Taking firearms would only change behavior such as it has in Britain. They outlawed firearms so knife crimes came to the fore. They outlawed knives so striking weapons came to the fore. Now, they simply call everything "offensive weapons"; and that definition is up to whoever happens to be standing there. Do not deign to defend yourself with your umbrella as it then becomes an "offensive weapon". They have simply done away with the term "defensive weapon".

Laws have to be balanced very carefully. Once they go out of balance, usually due to the desire of politicians to show they are "doing something", the unintended consequences rear their ugly head.
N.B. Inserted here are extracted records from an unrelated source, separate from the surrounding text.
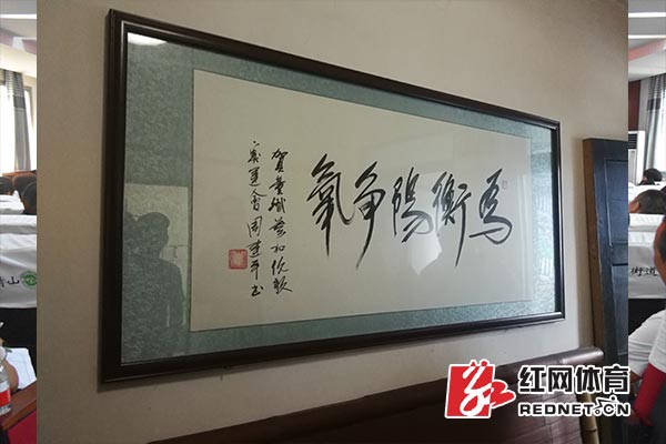 客厅的墙上挂着“为衡阳争气”的书法作品,这是为了祝贺董斌参加伦敦奥运会而作。时隔6年,当董斌以三级跳的姿势点燃了省运圣火,他再一次为衡阳增光彩。
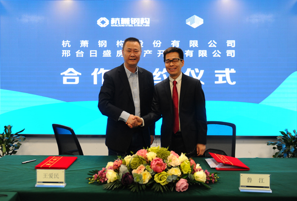 2017年4月28日,杭蕭鋼構(gòu)分別與江蘇恒健建設(shè)集團(tuán)有限公司(以下簡稱:恒健建設(shè)集團(tuán))、邢臺(tái)日盛房地產(chǎn)開發(fā)有限公司(以下簡稱:日盛地產(chǎn))簽訂了鋼結(jié)構(gòu)住宅體系戰(zhàn)略合作協(xié)議。
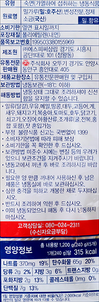 | 제조연월일, 소비기한 또는 품질유지기한 | 제조연월일로부터 9개월까지 |

That is when good law, or laws passed with good intentions, go very bad.
 
I had this exact discussion with a co-worker today.

Yes maybe there are laws that would have prevented this from happneing.

But in a free country this kind of thing is going to happen

Freedom is not always pretty, sometimes it's messy, sometimes it's bloody and yes, tragically, sometimes it's deadly.

Oh, and by the way. Murder is already illegal. End of story
 
What kind of law would have prevented this? No gun law ever written would have stopped this tragedy. Prohibition-type laws don't work. They didn't work with alcohol, they are not working with drugs, and they won't work with guns.

Having said that, prior to a court decision in the 1970's, it was much easier to force somebody with such bizzare behavior to get mental treatment. In the 1970's, the courts decided that locking some nutjob up in a mental health facility was unconstitutional unless said nut was shown to be a danger to others or himself! The proble with that is that we often don't know that the person is a danger until something like this happens. Then, it is too late. On the other hand, given the mindset of some leftists, if it were easier to lock somebody up for being crazy, a lot of us might be forced into rubber rooms just because the leftists think that libertarians are nuts and evil.

The guy was of legal age. Nobody could make him get help.
 
The condition of irrationality precludes the notion that cause/effect, actions/consequences have a relationship in the mind of the actor. The irrational actor doesn't form these associations in a logical manner (you can observe this in his Youtube rantings), so a person like this isn't going to be in the least dissuaded by what would seem to him a peculiar if not absurd concept. He might acknowledge that there are laws, but feels that they either don't apply to him or are insignificant. You can pass a million such laws, but the irrational person will give them no credence and will not modify his behavior in any way to conform to them. If anything, he will take delight in breaking them, and thus (in his world, at least), confirming to the world their irrelevance/insignificance.